Task item -
When you reach the line containing "慧明捷自组网设备是一款采用V", begin reproducing the lines exactly and continue through the end of the listing, leaving out the pictures.
--- Raw data Enclosed Below ---
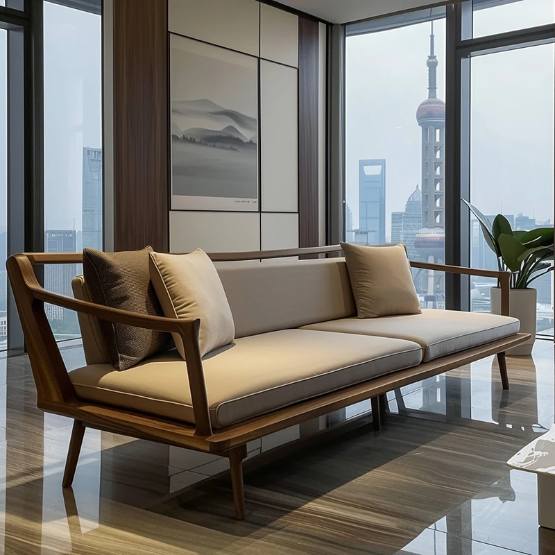 北米産ブラックウォールナット無垢材リビングルーム用ソファ 大型モダンデザイン オフィス向けのシンプルで高級感あふれる新中式家具
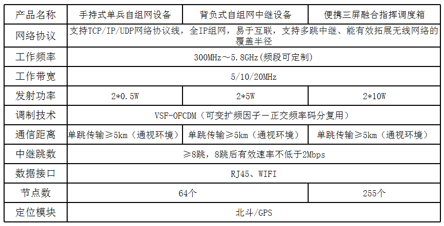 慧明捷自组网设备是一款采用VSF-OFCDM调制技术设计的移动宽带无线通信产品,产品采用无中心、分布式网络架构,支持任意网络拓扑、多跳中继、动态路由、抗毁性强。所有节点在静止/快速移动、遮挡等复杂应用场景下,实现多路语音、数据及视频等多媒体信息的实时传输;整个系统部署便捷,使用灵活,操作简单,维护方便,且全IP化设计(支持各种数据透传),易与异构通信系统互联互通;同时高度灵活的网络结构可实现节点之间的数据以点对点、多点对多点的方式传输,使得单兵通信设备的传输距离可通过自动中继功能达到成倍延伸。
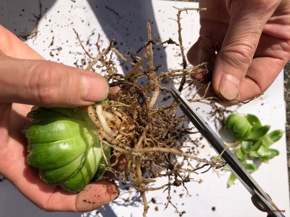 植え替え後は半日陰で管理し、1週間程経ってから水やりを開始します。1か月半くらい経つと、株が一回り大きく成長するので、明るく風通しの良い場所に置いて、これまで通りの方法で管理しましょう。
--- End of Enclosed Raw data ---
Solution to this exercise -
 慧明捷自组网设备是一款采用VSF-OFCDM调制技术设计的移动宽带无线通信产品,产品采用无中心、分布式网络架构,支持任意网络拓扑、多跳中继、动态路由、抗毁性强。所有节点在静止/快速移动、遮挡等复杂应用场景下,实现多路语音、数据及视频等多媒体信息的实时传输;整个系统部署便捷,使用灵活,操作简单,维护方便,且全IP化设计(支持各种数据透传),易与异构通信系统互联互通;同时高度灵活的网络结构可实现节点之间的数据以点对点、多点对多点的方式传输,使得单兵通信设备的传输距离可通过自动中继功能达到成倍延伸。
 植え替え後は半日陰で管理し、1週間程経ってから水やりを開始します。1か月半くらい経つと、株が一回り大きく成長するので、明るく風通しの良い場所に置いて、これまで通りの方法で管理しましょう。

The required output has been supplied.